Когда думаешь о Льве Абрамовиче Додине, то представляешь сразу его благородную седину, очки в профессорской оправе. Слышишь его тихий голос. Так оперные певцы говорят перед спектаклем, стараясь максимально снять всякие нагрузки на связки. Додин предпочитает в повседневном общении не особо напрягаться. Вот уж кого не представляю себе бегущим, спешащим, опаздывающим, пребывающим в растрепанных чувствах. Абсолютная невозмутимость во всех обстоятельствах, вельможная снисходительность, библейская величавость.

Тут недавно в фейсбуке всплыла фотография сорокалетней давности, где Додин вместе с Аркадием Кацманом в окружении своего первого выпуска 1979 года: юный Игорь Скляр, ликующая Наталья Акимова, задумчивый Сергей Бехтерев... Сам Додин еще молодой, чернявый, жгучий, похожий разом на всех молодых интеллигентов тех лет. Тут для таких, как он, не было других перспектив, кроме как пить горькую и прозябать на нищих ставках мэнээсов в ожидании, когда старичье перемрет и, может, тогда какие-то места освободятся. Но Додин никуда тогда не уехал. Он даже в Москву не стал перебираться по примеру своих ленинградских коллег — С. Юрского, Г. Яновской, К. Гинкаса. Хотя возможности были. Так и остался в своем городе, «знакомом до слез». С его вечным льдом и непреклонной строгостью, с этой северной чухонской непроницаемостью и как бы даже подчёркнутым равнодушием к любым лицедейским шалостям и забавам. В Питере, как ни в каком другом месте на земле, чувствуешь непреходящую тоску по имперскому параду, по балетной выправке и безупречным линиям. Питер — это беломраморный зал Филармонии, где худой как смерть Игорь Мравинский дирижирует великой музыкой. Это бестелесные тени белой ночи из третьего акта «Баядерки», это рвущий душу голос Иннокентия Михайловича Смоктуновского в «Идиоте»: «Вы что ее ножичком, ножичком?» Кем надо быть, чтобы вписаться в этот ряд? Как не потеряться среди всех этих питерских колоссов и колонн? Как выдержать соперничество с первым и лучшим театром страны, располагающимся всего в 15 минутах ходьбы от Малого драматического? И вообще, что такое быть Малым, когда есть Большой, когда есть Г. А. Товстоногов?

Фото: В.Захарьева
Фото: В.Захарьева

Лев Абрамович сам мне рассказывал, что первое его театральное впечатление-потрясение было пережито в БДТ на «Пяти вечерах», куда привела его мама. Места у них были в самом последнем ряду. И видно было не очень. То есть почти ничего. И он, словно под гипнозом, взобрался на спинку кресла, благо никого сзади не было. Так и просидел весь спектакль, как на жердочке, очнувшись, только когда волна аплодисментов подняла на ноги всех зрителей.

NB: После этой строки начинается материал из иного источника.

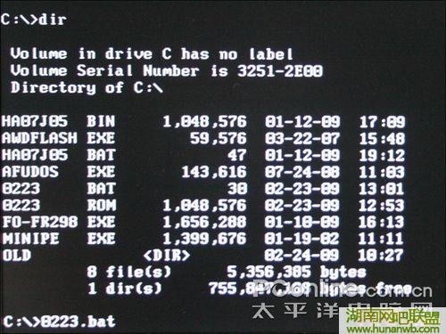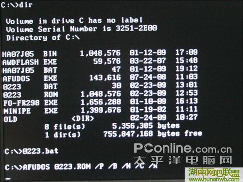 从文件列表中我们可以看到有一个名为0223的文件,后缀名为BAT,这是与这款主板的新BIOS相对应的文件,我们只需要输入0223.bat运行它,就可以完成刷新工作。
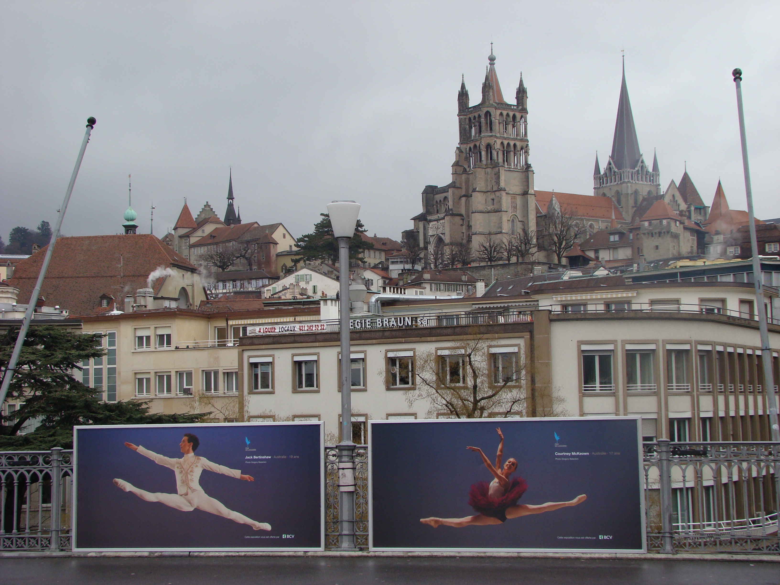 Leading up to the competitions, spectacular large-scale photographs of the participants in the previous editions line a high-flying bridge in Lausanne, giving the impression that they are leaping over the railings.

Через много лет Товстоногов сразу распознает опасность, которая таилась в лице застенчивого бородача в очках. Для начала он сам пригласит его к себе в БДТ, в знаменитый кабинет с белыми кожаными креслами. Учтиво поинтересуется планами, угостит сигаретами Marlboro, зорко приглядываясь сквозь дымчатые стекла очков. Он тогда вычислял, прикидывал, подойдет ли новый кандидат на роль кронпринца? Он же думал, не мог не думать о своем наследнике. Тогда сговорились на Достоевском.

А потом была «Кроткая» с Олегом Борисовым и Натальей Акимовой. И стало понятно, что продолжение романа не получится. Спустя сорок лет я буду стоять в Музее БДТ перед витриной с цилиндром и сюртуком Борисова, и сам Эдуард Степанович Кочергин, старый человек, народный художник СССР, все повидавший, всех переживший, будет восклицать рядом: «Это был великий спектакль! Понимаете, великий!» И даже что-то похожее на слезы заблестит в его голубых, холодных, никогда не плачущих глазах. Ну как это было Товстоногову стерпеть, как простить?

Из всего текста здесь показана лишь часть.